During a Public Works Committee meeting Monday evening, the committee unanimously approved a resolution to appropriate $1,250,000 to cover the estimated cost of the shore stabilization project. The resolution will move to the full Legislature for a vote.

Greene County Deputy Administrator Warren Hart told the Legislature on Monday the county has applied for Federal Emergency Management Agency grant money twice for the project but has yet to be successful in securing federal money for the construction.

“First it was a competition nationally and then the second application was local,” Hart said during the meeting. “In both instances, we did not score high enough. Their cost benefit calculator is not the type of program that works well for this type of project. You have to have a lot of loss from previous flooding. Since it’s a very rustic building, it’s mostly mucking out the silt and things like that. So we need to proceed to move to the full construction drawings. The permitting has already been worked on.”

In March, the New York State Division of Homeland Security and Emergency Services submitted a FEMA application for $979,000 on behalf of the county for funding for the shoreline project.

Hart said former Congressman Antonio Delgado, state Sen. Michelle Hinchey and Assemblyman Chris Tague, R-Schoharie, all advocated on the county’s behalf for both FEMA applications.

If the county is unable to acquire FEMA grants, the $1,250,000 cost of the project will be taken from the county’s fund balance.

“We’ve been working on this for over a year and we need to get some traction on it and actually get some engineering done and actually put it out to bid,” Hart told the Legislature.

Greene County Administrator Shaun Groden said the Historic Catskill Point shoreline has experienced serious erosion on its bank wall.

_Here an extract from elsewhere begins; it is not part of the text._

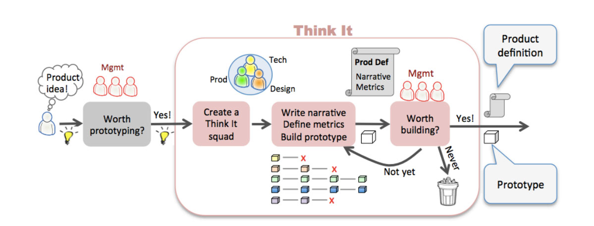 如果管理者也认为这个想法是值得付诸实践的,那么一个小型的“Think It”squad随即成立。典型的“Think It”squad一般包括一个开发者,一个设计师和一个产品经理。他们的工作就是去完善产品描述,同时构建一个足够吸引人的产品原型。
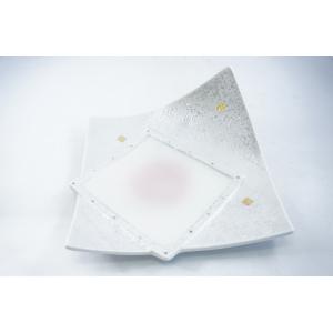 一珍点描ゴス吹雲銀プリーツ長角皿 有田焼 日本製 盛台 盛付皿 和食器

“The Hudson River side is all eroding,” Groden said after Monday’s meeting. “It’s getting to be underneath the foundation of the barn. So they’ll drive steel pylons about 60% of the way where the old boat launch was just past what’s now the dock. That would prevent further erosion from undermining the foundation of the barn.”

Hart told the Legislature the county has conducted emergency repairs on the shoreline on two occasions to address the erosion.

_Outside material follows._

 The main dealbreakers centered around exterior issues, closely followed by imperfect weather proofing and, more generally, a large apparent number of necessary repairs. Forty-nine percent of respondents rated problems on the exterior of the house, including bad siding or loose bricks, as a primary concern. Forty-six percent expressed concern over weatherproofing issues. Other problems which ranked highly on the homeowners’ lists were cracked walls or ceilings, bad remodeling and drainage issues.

“It’s not just the sheet piling, that dock has not been worked on in about 20 years,” Hart said. “So it needs to be resurfaced and the pylons and cleats that hold the ships down, we have a temporary cabling system in place in order to accommodate those big ships. We’ve limped along for too long without really getting a permanent solution on this. We need to get engineering and get good specs together to see what the real cost would be.”

Greene County Legislator Michael Bulich, R-Catskill, added that the project needs to be addressed urgently.

“If you have a slope failure that tumbles into the channel there and you have an oil tanker going up to the Port of Albany and it bottoms out right there, that’s a major problem,” Bulich said during the Aug. 8 committee meeting.